I think of Willem at last Sunday’s supper, his impatience that the insurance company was dragging their feet. His strict orders that Thomas tie himself into knots to ensure Xander’s murder stayed separate from the Cullinan theft in the press, the constant discussion of company business despite his retirement. Willem is still very much in charge, both of the family and the House.
A clueless and distracted CEO would be mighty handy if, say, you never wanted to retire in the first place.
Or if you wanted to sneak contraband diamonds into shipments from Asian labs. Or if you shut your eyes to something that would torpedo your brother’s job as CEO—no. Not just shut your eyes. Fleur is more proactive than that.

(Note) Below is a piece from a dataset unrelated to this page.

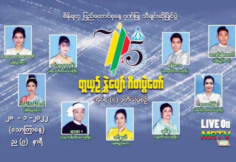 စိန်ရတုပြည်ထောင်စုနေ့ကို ဂုဏ်ပြုသောအားဖြင့် “တူယှဉ်နွှဲပျော် ဂီတပွဲတော်” သီချင်းဆို ပြိုင်ပွဲ အုပ်စု(င) ဒုတိယပွဲစဉ်ကို ဇန်နဝါရီ ၂၈ ရက် (သောကြာနေ့) ညတွင် မြန်မာ့အသံနှင့် ရုပ်မြင်သံကြားမှ တိုက်ရိုက် Live ရိုက်ကူးထုတ်လွှင့်မည်။

Fleur, who wants Thomas’s job more than anything. Who never makes a move without thinking twelve steps ahead. Since when did Fleur ever sit back and play a passive role? Since when was she ever not in control? She wouldn’t just sit back and watch her brother fail. She would help him crash and burn. Fleur, who isn’t above kidnapping a little boy so that her twins would inheriteverything.
“Fleur, what did you do?”
She opens her mouth to answer, but it’s a deeper voice that rips the air.
“Sorry to disturb, ladies, but which one of you has my diamonds?”
Rayna
Willow and Fleur whirl around, and their twin masks of surprise would be comical if there weren’t a loaded gun pointed at my chest. They take in Lars and the weapon in his hand, the way he’s positioned himself so he can cover all of us at the same time. Ingrid and me huddled in our winter coats a few feet away, Willow and Fleur in theirs just beyond. None of us move, but Fleur is the first to recover.
“Who are you? Why are you here?” Her voice is all Prins haughtiness and bravado, her question directed at Lars and Ingrid but not at me. Her eyes brush right over mine and keep going. “This is a private meeting. I’m going to have to ask you to leave.”
Before any of us can answer, Willow’s gaze finds mine across the dusty space. “You got my message.”